Tomo Urbelionio/BFL nuotr. / Prezidentūra
Šaltinis: BNS

Lithuania's President Dalia Grybauskaitė has vetoed a law that stipulates public procurement exceptions for political parties, her press service said on Friday.

She said the amendments would infringe upon the direction adopted by the European Parliament and Council, thus posing a risk of serious sanctions from the European Union (EU) institutions.

"By allowing this exception, Lithuania would become probably the only country in Europe envisaging preferential conditions of operations for political parties. In other countries, political parties have to abide by the same public procurement rules, as any other organization," reads the communiqué published by the President's Office.

In Grybauskaitė's words, no exceptions are envisaged in the Law on Public Procurement that is currently in effect, therefore, political parties would be the only organizations to enjoy the privileges.

The president said everyone should be used to transparent and responsible use of money from the state budget, therefore, public procurement rules should be mandatory for all.

She also emphasized that the amendment did not take into consideration the negative recommendation of the Special Investigations Service, which said that the provisions contained in the law involved faults in terms of anti-corruption rules.

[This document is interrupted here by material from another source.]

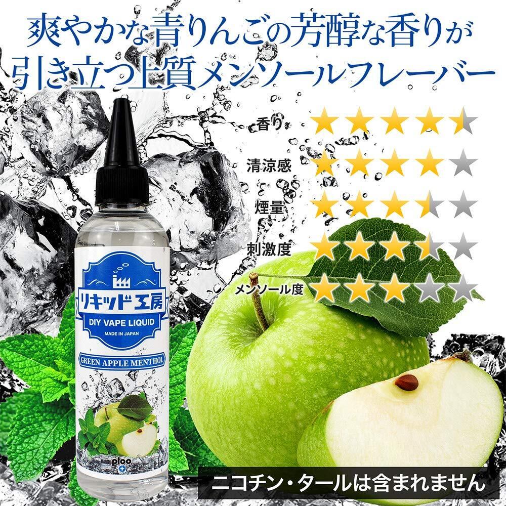 【大容量120mlシリーズ】最高品質の天然素材日本ハッカを使用し厚生労働大臣指定の食品添加物のみ100%配合。 爽やかな青りんごの芳醇な香りが引き立つ上質メンソールフレーバー 独自の製法により監修、製造した本格派フレーバーリキッドです。安心安全な日本国産 のリキッドは全て日本国内の衛生管理の行き届いた工場で製造しております。ニコチン・タールは、含まれません。

Proposed by the Liberal Centrists, the amendment to the Law on Public Procurement stipulating an exception for political parties was adopted by Lithuania's parliament in mid-March. The changes were supported by 91 of Lithuania's 141 parliamentarians, 15 were against and 17 abstained. Those against included Liberal Movement and Christian Party groups and individual members of other political groups.

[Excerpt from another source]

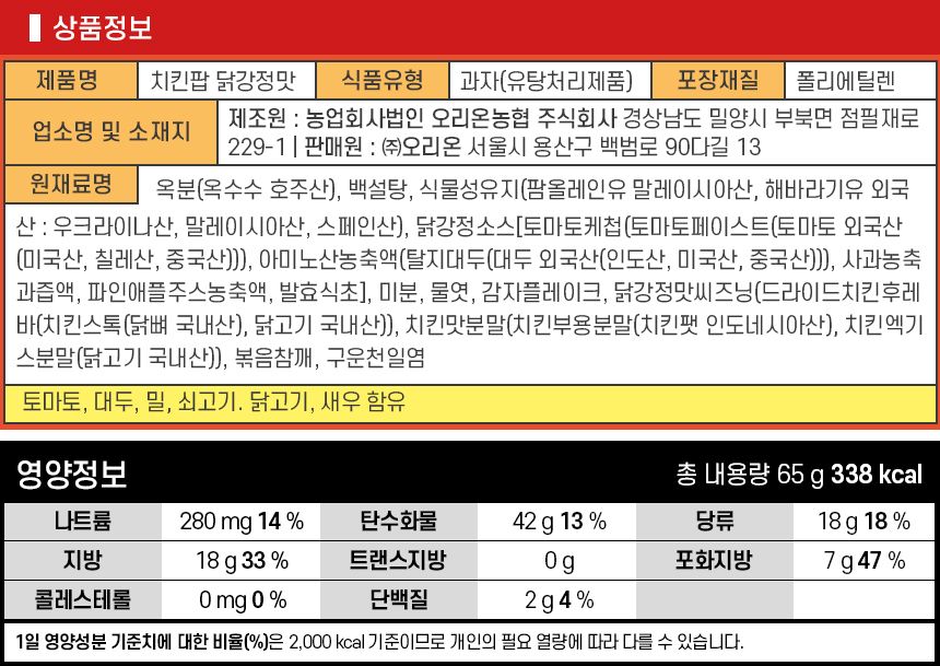 | 포장단위별 용량 | 65g(338kcal) | ||

According to the change, acquisitions organized by political parties and participants of political campaigns are exempt from the legal norm, suggesting that a legal entity receiving more than 50 percent of its funding from the state budget should buy commodities and services through a public procurement procedure.

The initiators of the amendment said that the terms and conditions of public procurement were inconsistent with terms of political campaigns and, furthermore, the terms and conditions left room for abuse of suppliers that would jeopardize political campaigns.

The law was changed after budget grants became the main source of funding of political parties following a ban for businesses to sponsor political parties. Enforced on 1 January, the amendment bans political parties from accepting donations from individuals and legal entities, while political campaigns are allowed to receive donations from individuals only.